The Quebec government has deposited new regulations to give effect to measures ann‎ounced in the March budget.

Among the clarifications are confirming that exemptions for inter corporate transfers are based on 90 per cent issued shares and not voting shares, a trigger on change of control within 24 months of an exempt transfer, clarifying that options to purchase shares are captured within the anti-avoidance provisions as well as clarifying that amalgamations are exempt transfers.

No relief was included for transfers among closely related limited partnerships‎.

Share purchases which are not accompanied by an off title transfer of beneficial ownership will generally continue to be exempt.

The most significant change is to capture off title transfers.

It is not clear however where a transaction involves both the transfer of title ‎from a nominee and a beneficial owner whether the off title transfer constitutes a separate transfer and hence creating risk for double taxation.
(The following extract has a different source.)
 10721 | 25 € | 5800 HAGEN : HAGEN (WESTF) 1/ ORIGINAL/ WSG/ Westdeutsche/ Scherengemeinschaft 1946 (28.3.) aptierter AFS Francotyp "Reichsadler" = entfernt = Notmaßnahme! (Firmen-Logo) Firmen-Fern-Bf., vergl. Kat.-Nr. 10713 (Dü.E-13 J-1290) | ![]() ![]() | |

The emerging practice will likely involve having the nominee and beneficial owner both execute the registered transfer deed (the beneficial owner likely as an intervenant but defined as transferor in the transfer duty declaration).
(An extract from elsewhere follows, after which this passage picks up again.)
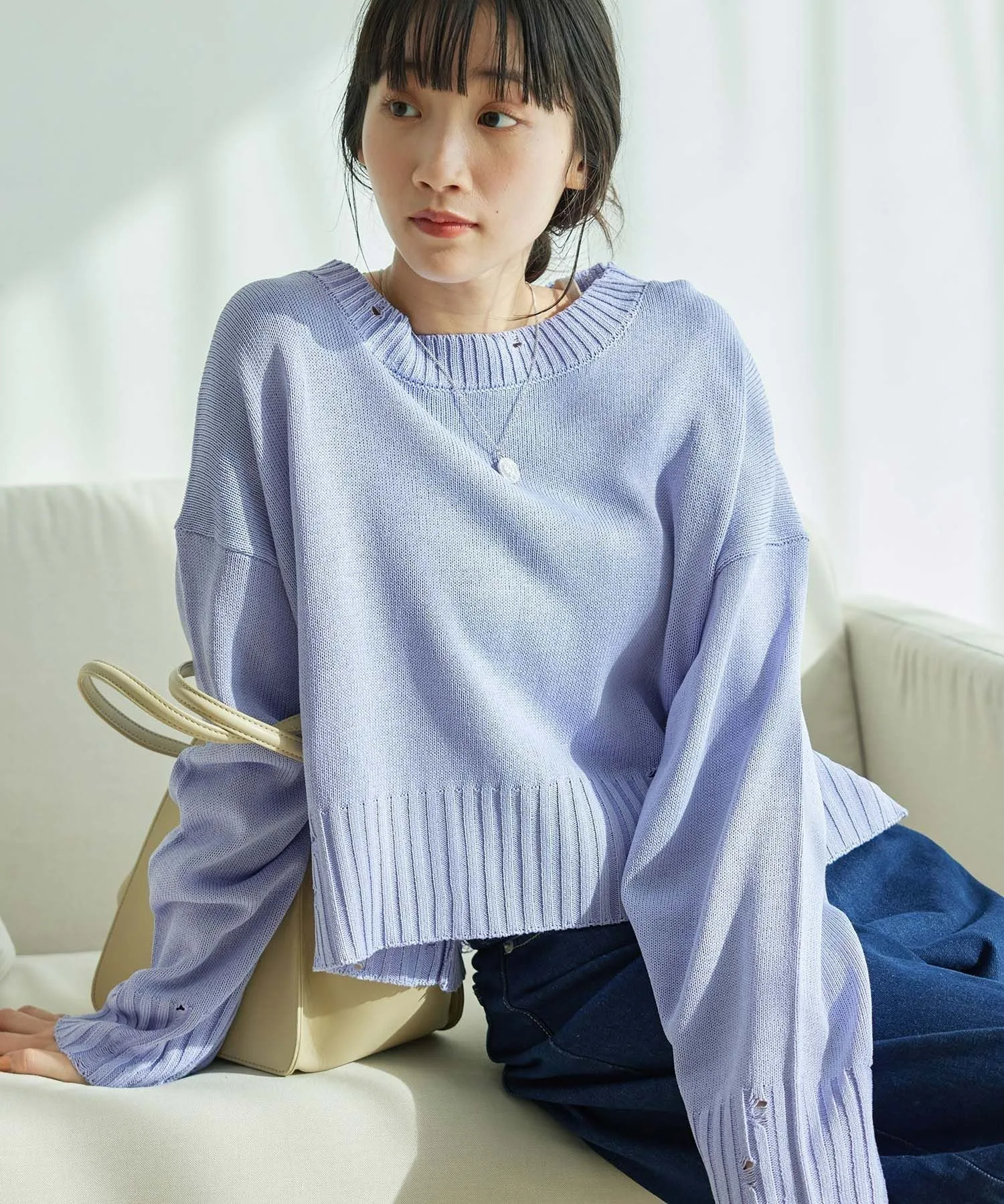 Потертые рукава и нижний край позволяют создавать повседневные образы.

Conversely when acquiring property ‎buyers will either include the beneficial owner in the registered deed or ensure that their nominee arrangement is in place before acquiring the property and only have the nominee acquire as agent.

These rules will have a retroactive effect to the March 2016 budget and impose substantial fines for non- compliance.

These changes herald a modernisation of the process of taxing‎ real estate transactions and likely simplify holding structures.